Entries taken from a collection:

****************

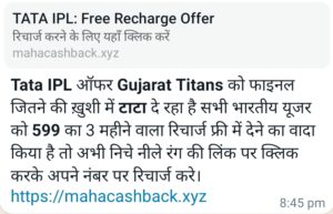दोन दिवसांपूर्वी आयपीएल मध्ये गुजरात टीम जिंकल्या बद्दल टाटातर्फे 599 चा रिचार्ज फ्री अशा आशयाचे मेसेज फिरत आहेत.अशा आमीषाला तुम्ही बळी पडत असाल तर सावधान!
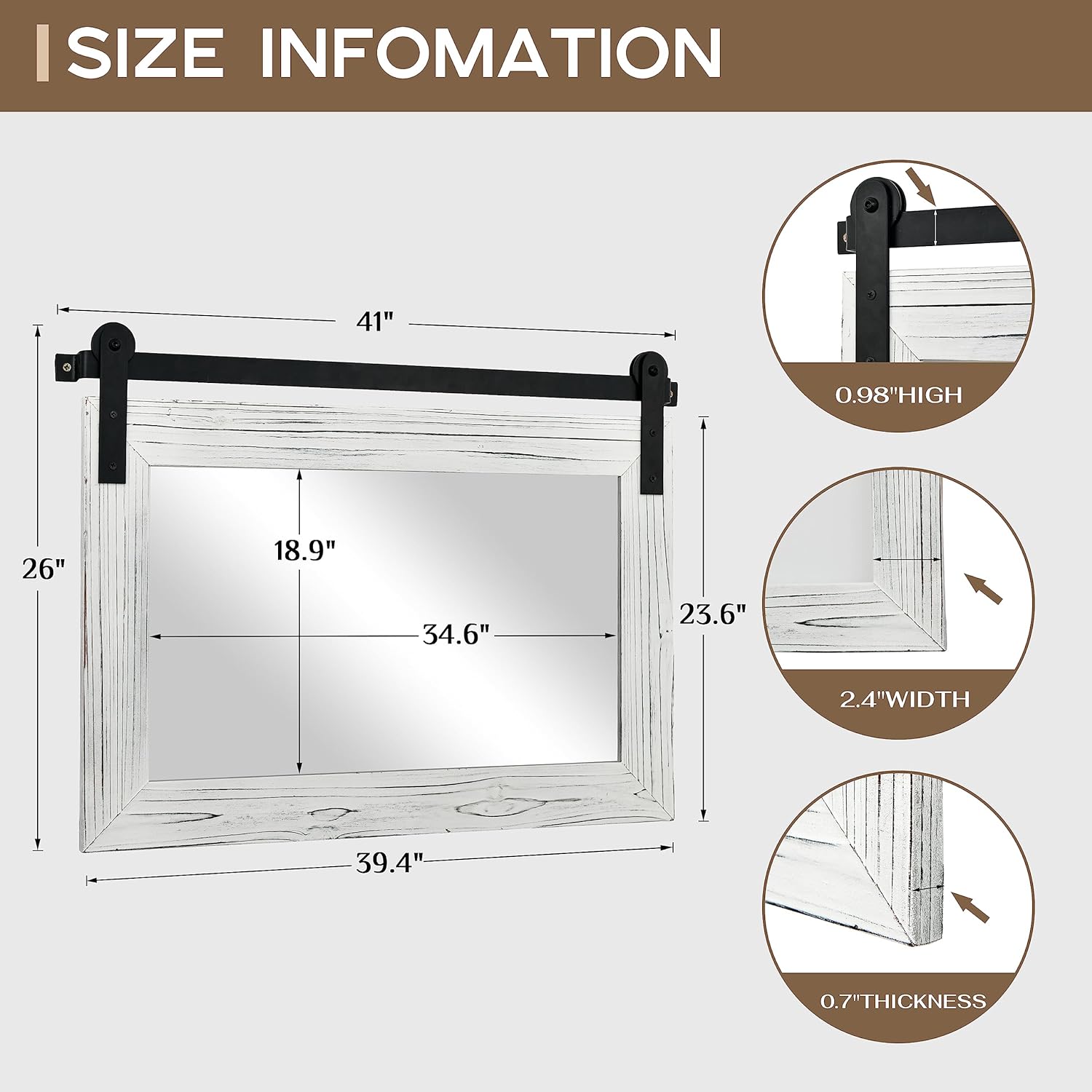 - EASY TO INSTALL: The overall size of this rustic mirror is 40.9 x 26 x 0.67 inch, and the display size of the mirror is 34.6 x 18.9 inch. The track is 41 inch. You can fix the pulleys to the mirror first, then mount the track on the wall and finally snap the pulleys onto the track to complete the hanging
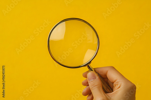 magnifying, glasses, hand-held, lens, closeup, yellow, background, gold, vintage, research, investigation, detail, explore, observe, discover, cognition, information, analysis, equipment, tool
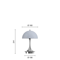 Panthella 160 Portable V3 bord- / batterilampe, krom/blågrå opal
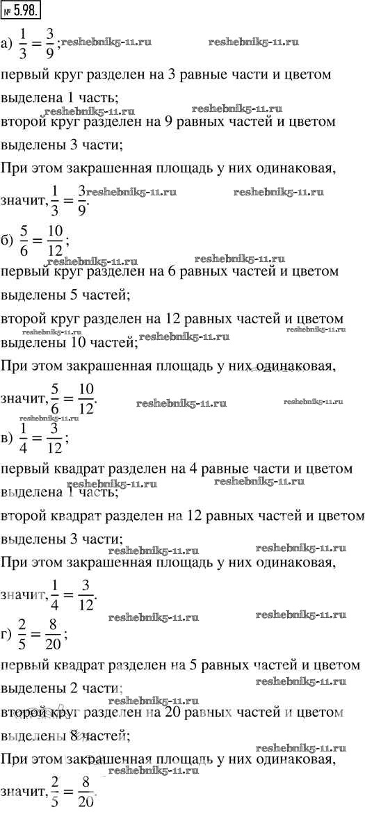 Готовая домашняя работа с ответами по Математике за 5 класс Виленкин, Жохов, Чесноков, Александрова, Шварцбурд Учебник Часть 2 Просвещение 2021 - Глава 5. Обыкновенные дроби 5.98
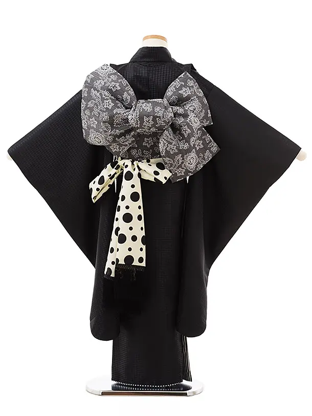 七五三レンタル(7歳女の子結び帯)7874 無地 黒地模様
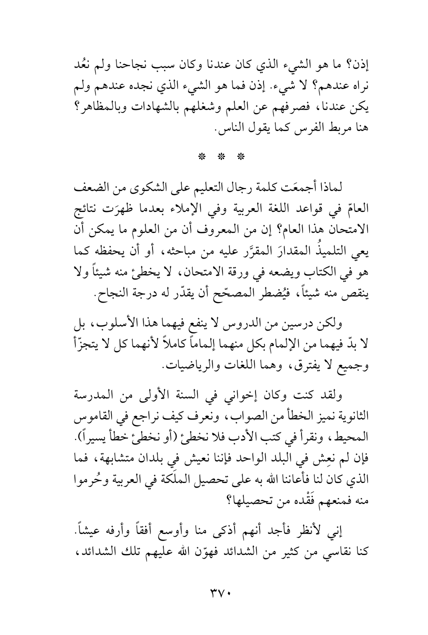 لماذا أجمعَت كلمة رجال التعليم على الشكوى من الضعف العامّ في قواعد اللغة العربية وفي الإملاء بعدما ظهرَت نتائج الامتحان هذا العام؟ إن من المعروف أن من العلوم ما يمكن أن يعي التلميذُ المقدارَ المقرَّر عليه من مباحثه، أو أن يحفظه كما هو في الكتاب ويضعه في ورقة الامتحان، لا يخطئ منه شيئاً ولا ينقص منه شيئاً، فيُضطر المصحّح أن يقدّر له درجة النجاح.
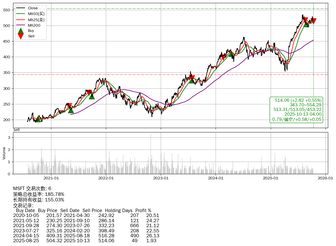 | 22 | ★MSFT | $513.97(+2.61 +0.51% 2025-10-13 15:59) | 📈涨破 MA25/50 均线 📉回撤 2025-08-05 -3.85% (69天) 494.96(2025-09-05) → 534.64(2025-08-04) (-7.42%) | +185.78% | +155.03% | +30.76% | 6 | 偏空/0.58/0.05 | 2020-07-27~2025-10-13 |
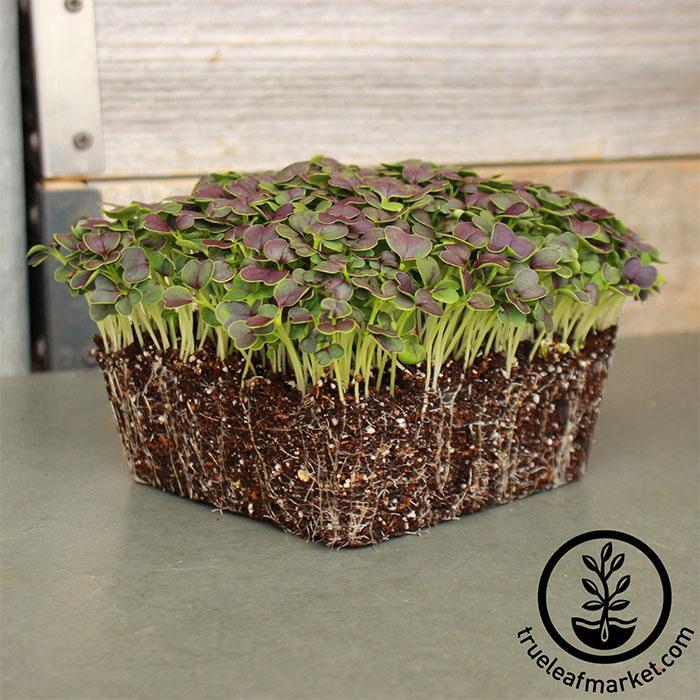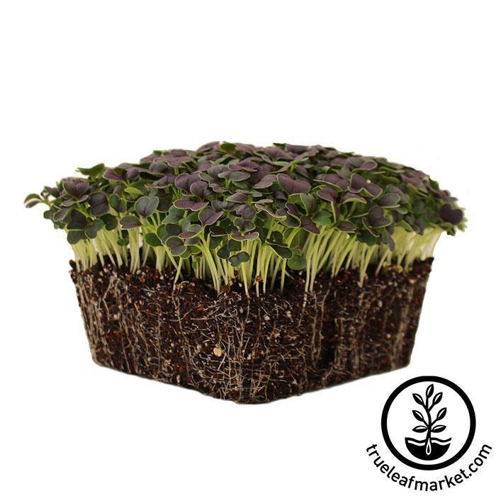 Brassica rapa Narinosa Group. Non-GMO. Red Tatsoi makes a lovely microgreen as well as a terrific full size cool season asian green. As a microgreen the cotyledons open green and change to a reddish purple on about day 4. It germinates quickly and is ready for microgreens harvest in 7 - 10 days.
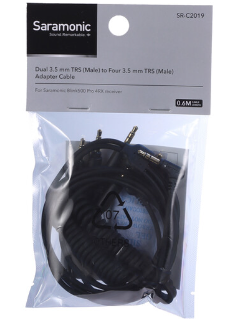 The Saramonic SR-C2019 is a versatile 23.6-inch (60 cm) coiled audio breakout cable that splits two right-angled 3.5mm TRS male inputs—ideal for dual wireless receivers—into four straight 3.5mm TRS male outputs for multi-camera or multi-track recording. Featuring gold-plated connectors for reliable, corrosion-resistant signal transfer, it’s optimized for systems like the Blink 500 Pro B8 quad receiver, enabling clean, isolated channel feeds to cameras, recorders, or mixers in dynamic setups such as multi-angle shoots in Ostrava.
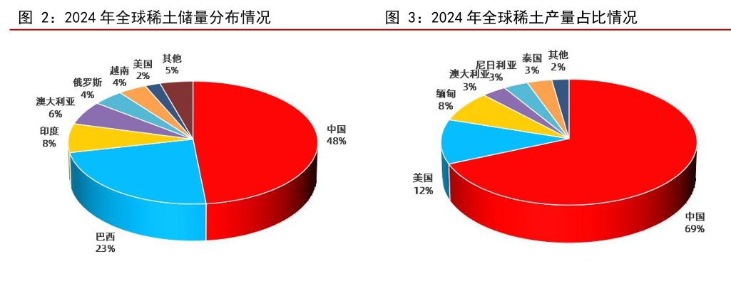 全球稀土资源分布集中度较高,中国储量世界第一占全球储量比约48%。根据自然资源部转引美国地质调查局(USGS)最新公布数据显示,2024年全球稀土资源总储量约为9088万吨,其中中国储量为4400万吨,占比约48%,巴西储量2100万吨,占比23%,印度储量690万吨,占比8%,澳大利亚储量570万吨,占比6%,前四大稀土资源持有国资源储量合计超过全球总储量的85%,资源分布集中度较高。
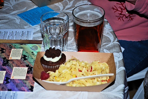 The Fettuccine Plate. There was also Pizza Swirls and Chocolate Cup Cakes. Beer and wine were also served. These were all produced locally!
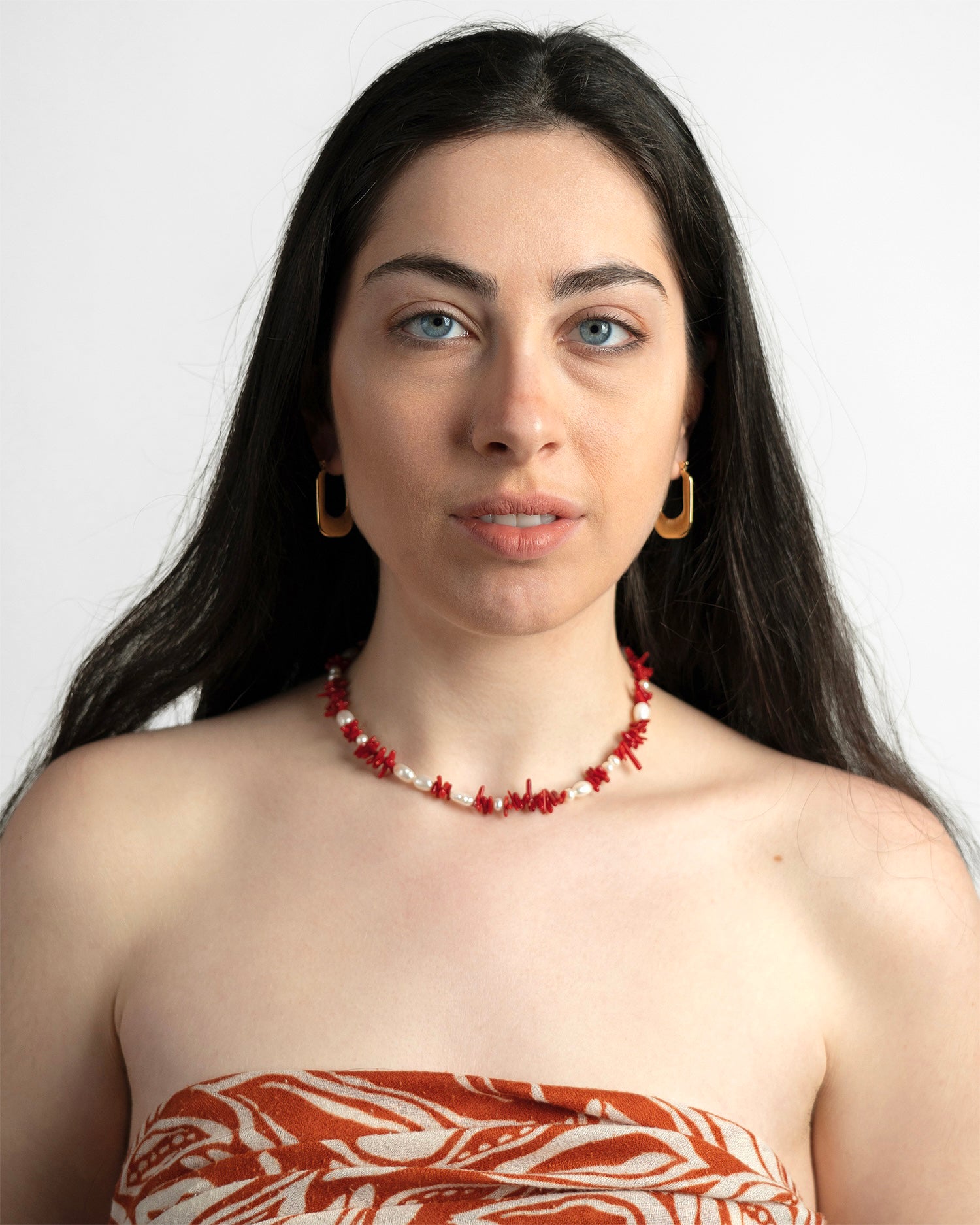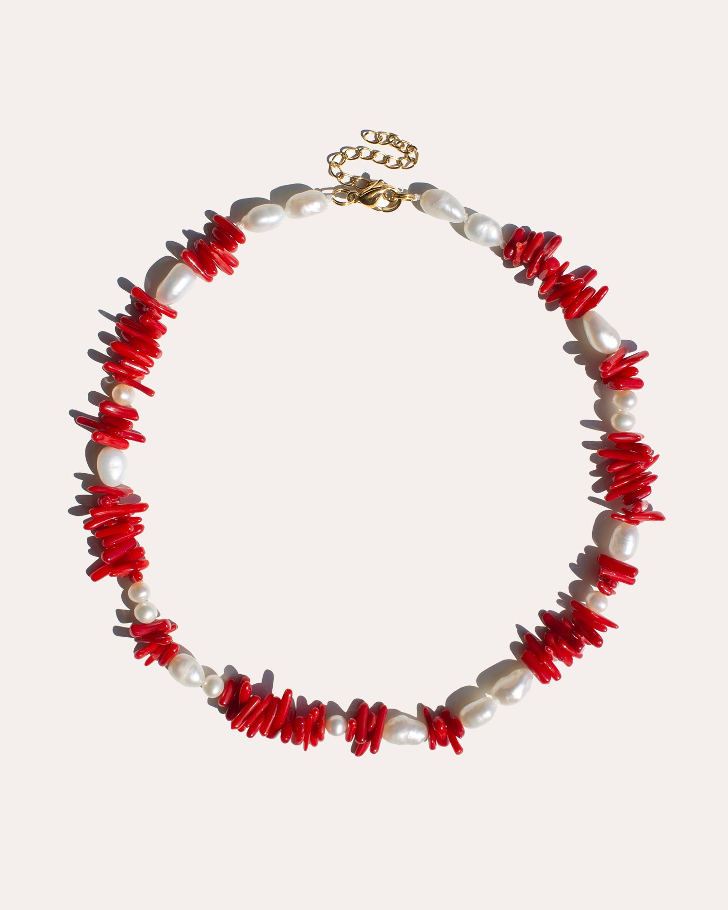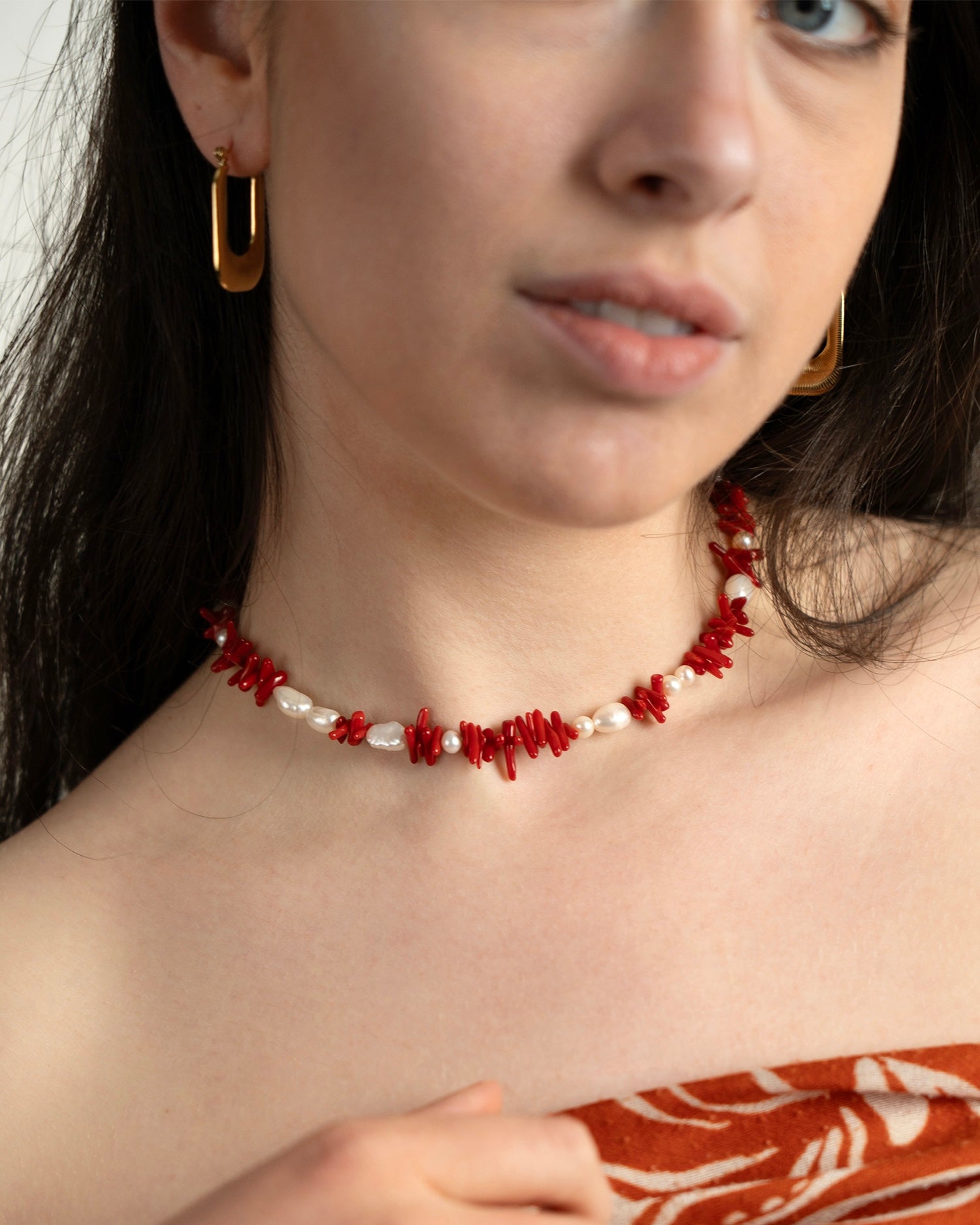 SELAROSE, collana realizzata interamente a mano in acciaio chirurgico, disponibile sia nella versione in argento che nella versione placcata in oro 18k. È composta da corallo di bambù rosso e perle di fiume naturali e irregolari, è inoltre possibile scegliere tra due chiusure diverse.

****************

Action item =>
Nothing but the lines from the line containing "全球稀土资源分布集中度较高,中国储量世界" through the end of the data, both ends included, is to be reproduced, exactly as written and without the pictures.

Exercise result =>
 全球稀土资源分布集中度较高,中国储量世界第一占全球储量比约48%。根据自然资源部转引美国地质调查局(USGS)最新公布数据显示,2024年全球稀土资源总储量约为9088万吨,其中中国储量为4400万吨,占比约48%,巴西储量2100万吨,占比23%,印度储量690万吨,占比8%,澳大利亚储量570万吨,占比6%,前四大稀土资源持有国资源储量合计超过全球总储量的85%,资源分布集中度较高。
 The Fettuccine Plate. There was also Pizza Swirls and Chocolate Cup Cakes. Beer and wine were also served. These were all produced locally!
 SELAROSE, collana realizzata interamente a mano in acciaio chirurgico, disponibile sia nella versione in argento che nella versione placcata in oro 18k. È composta da corallo di bambù rosso e perle di fiume naturali e irregolari, è inoltre possibile scegliere tra due chiusure diverse.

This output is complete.